Until this Saturday, I couldn’t figure out why I was constantly running out of change. I always keep coins in the armrest of my car so that I can pay parking meters. I know to do that, because the parking outside Moving Arts, where I lead my weekly playwriting workshop, is metered. It has been for about 12 years; for the four years before that, it was free. For 12 years I haven’t had to scrounge around for change, but now, for the second week in a row I was asking everybody else in the workshop if they had change for a couple of bucks.
That was when I realized: I was ask for change for a couple of bucks. The City of Los Angeles had raised the price of parking. “They doubled the price of parking,” I said. But then someone corrected me: “No, they quadrupled the price of parking.” It used to be 25¢ an hour — effective January 1st, it’s 25¢ for 15 minutes.

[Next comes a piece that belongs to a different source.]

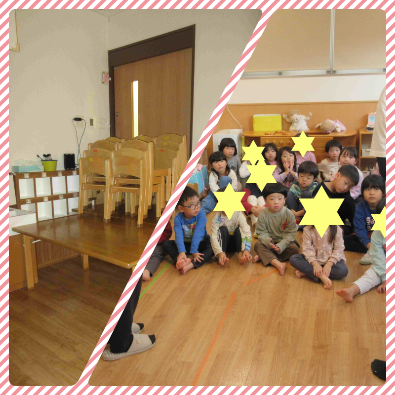 保育園では、毎月様々な災害を想定した避難訓練をしています。12月の避難訓練は警察の方が来て下さり、不審者対応の訓練を行いました。職員が門から入る際に警察の方が扮した不審者が一緒に入ってくるという想定。子どもたちはお部屋の奥に避難しました。電気を消し、ドアの前に机や椅子でバリケードを作ったうす暗い室内は緊張に包まれていましたが、状況を察知して大きな声を出さず静かに安全が確認できるのを待っていました。幼児クラスさんは、訓練の後、先生からのお話の中で出た質問にも、一生懸命考えて自分の意見を伝えていました。

A quick search on the internet revealed that yes, the City has raised these meter rates all over the place, and yes, people are hopping mad. More changes are on the way. Until now, parking at a meter was free after 6 p.m.; soon it’ll be paid parking until 8 p.m. and, no doubt, upward. The Daily News says that the City is projecting $18 million in new revenue from these parking schemes.
I don’t think it’s the increase in the price to park that has me so agitated. After all, the price to use a parking lot is more like $8-$28. (That’s why they’re called lots.) No, it’s the fact that these meters don’t take credit cards — something almost all new meters do. The cost of a parking ticket, by the way, is $45 — and they patrol diligently outside our theatre. Which leads me to wonder aloud if the reason that the City hasn’t put in parking meters that will accept credit cards is because they’d rather dispense parking tickets.